Five questions about supercapacitors?

Five questions about supercapacitors?

1. What is the type of supercapacitor. Supercapacitors form a double layer (electrostatic process) in two different media, the electrode and the electrolyte, to store electricity. Supercapacitors are divided into double-layer capacitors, Faradaic pseudocapacitors, and hybrid capacitors. Faraday pseudocapacitance refers to a double-layer capacitor with Faraday mode electrodes. Faraday mode causes a change in the chemical or oxidation state of the electrode material during charge transfer in the electrode material. In this case, equivalent capacitance achieves indirect energy storage, similar to the energy storage of a battery. A hybrid capacitor consists of two electrodes, one is a double-layer capacitor electrode and the other is a pseudocapacitive electrode. The electrode materials of double-layer capacitors are mainly carbon materials with high specific surface area, while the electrode materials of pseudocapacitors are mainly transition metal oxides and conductive polymers.
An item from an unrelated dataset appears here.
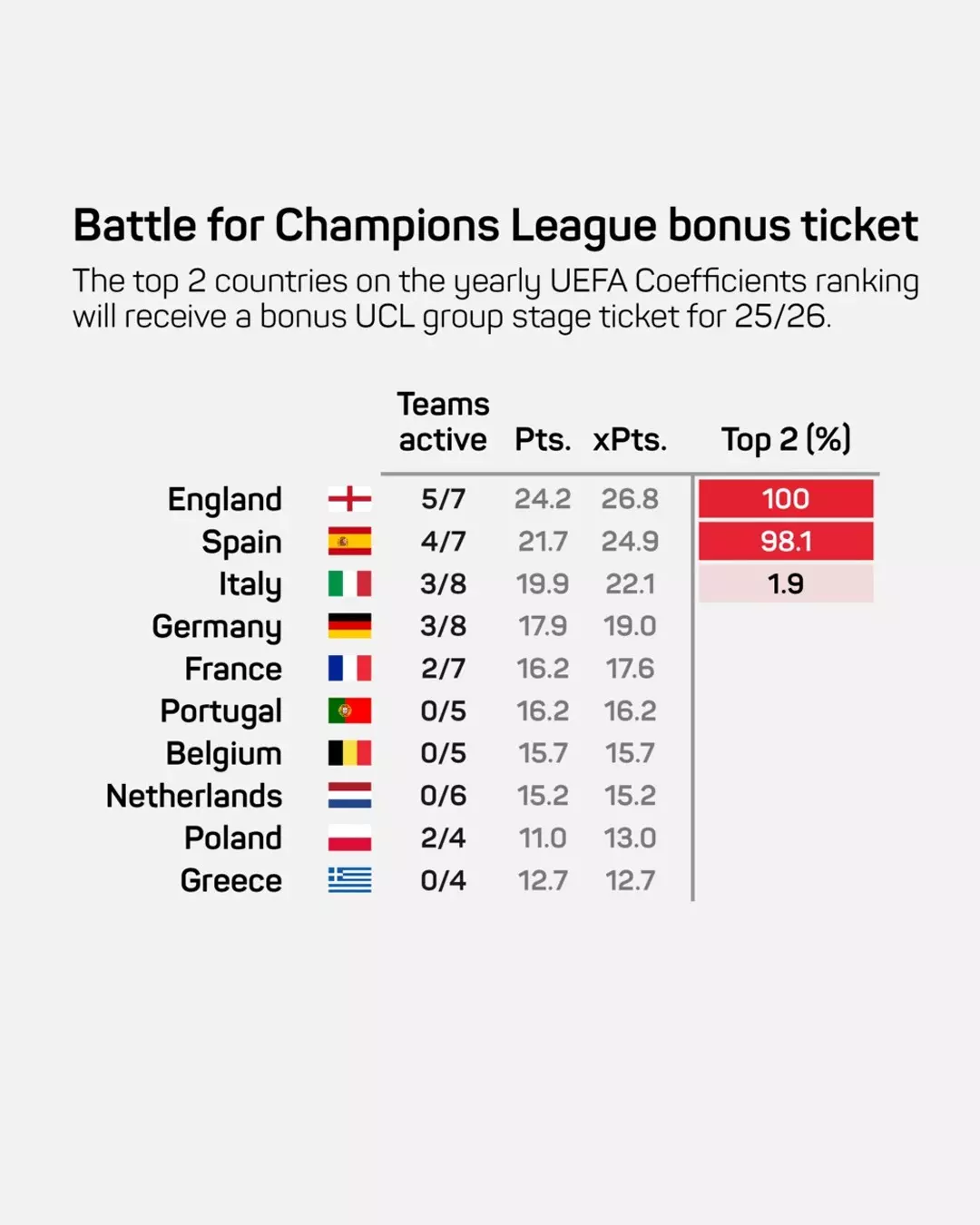 ആഴ്സണൽ, ആസ്റ്റൺ വില്ല,മാഞ്ചസ്റ്റർ യുണൈറ്റഡ്,ടോട്ടൻഹാം, ചെൽസി ടീമുകൾ ഇതിനോടകം യൂറോപ്പിലെ പ്രധാന ലീഗുകളിൽ ക്വാർട്ടർ ബെർത്ത് ഉറപ്പിച്ച് കഴിഞ്ഞു. ഇതോടെ കോ എഫിഷ്യന്റ് റാങ്കിങ്ങില് ഇറ്റലിയെ പിന്തള്ളി ഇംഗ്ലണ്ട് ഒന്നാമതെത്തി. ഇതിന്റെ അടിസ്ഥാനത്തിൽ അഞ്ച് മുതൽ ആറ് വരെ ഇംഗ്ലീഷ് ടീമുകൾക്ക് അടുത്ത വർഷം ചാമ്പ്യൻസ് ലീഗിൽ പന്ത് തട്ടാനാവും എന്നാണ് വിലയിരുത്തപ്പെടുന്നത്.

2. The difference in energy storage between capacitors and batteries

The energy storage of a battery is indirect, converting electrical energy into chemical energy. The electrode material induces current oxidation and reduces the amount of electrochemically active reactants, resulting in a potential difference between the two electrodes. The energy storage of a capacitor is direct, using electrostatics to distribute positive and negative charges on the two electrodes of the capacitor, which is a process without induced current.
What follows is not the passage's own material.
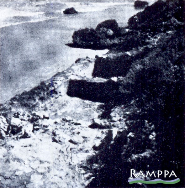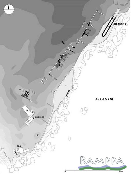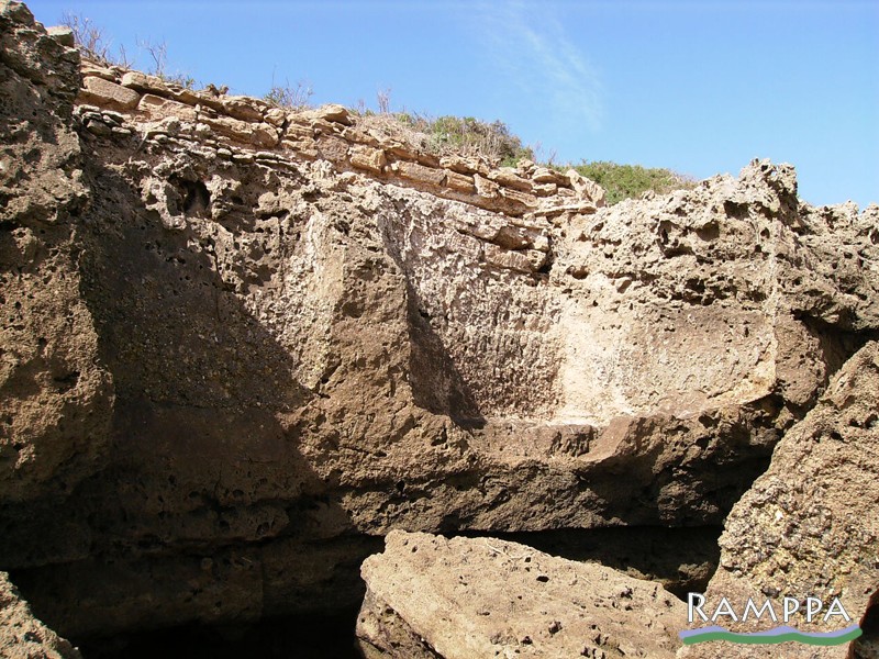 Creusés dans le grès dunaire avec des parois couvertes d’un mortier de tuileau étanche, deux bassins, encore en place sur le flanc de la falaise en 1961 (fig. 2), mais aujourd’hui partiellement brisés par l’érosion marine et basculés sur la plage (fig. 1 et 3), ont été exhumés dans les années 1960 dans la partie sud-est de l’île. Les bassins géminés communiquaient par deux petites ouvertures situées en bas et en haut de la cloison séparatrice.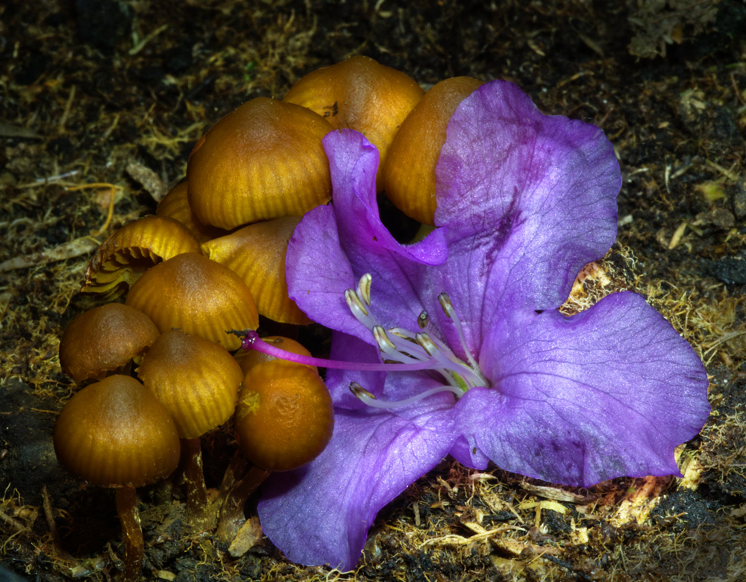 Hi Marti, thanks for your comments. The rhododendron was shedding a few blooms due to being handled, I just moved one next to the fungi, not an original thought!

Due to the different ways of energy storage, the cycle reversibility of capacitors and batteries varies. During the charging process of the battery, there is chemical exchange of electrodes, including irreversible exchange of electrode reactants, which reduces the cycling life of the battery. During the energy storage process of capacitors, only the transfer of charge on the electrode does not undergo any chemical changes, resulting in a long cycle life.

3. The difference in density of stored charges between capacitors and batteries

According to an example, the number of electrons an atom on the electrode plate of a capacitor has is 0.18. In comparison, the battery electrode has an oxidation-reduction reaction, where each electrically activated atom or molecule generally has one to two valence electron charges. Therefore, for the effective area of each atom, the capacitor uses 10% and the battery uses 20%.

Overall, the energy density of capacitors is significantly lower than that of batteries, and ideally, the energy density of capacitors is only 20% of that of batteries. Due to the different ways of energy storage, the cycle reversibility of capacitors and batteries varies. During the charging process of the battery, there is chemical exchange of electrodes, including irreversible exchange of electrode reactants, which reduces the cycling life of the battery. During the energy storage process of capacitors, only the transfer of charge on the electrode does not undergo any chemical changes, resulting in a long cycle life.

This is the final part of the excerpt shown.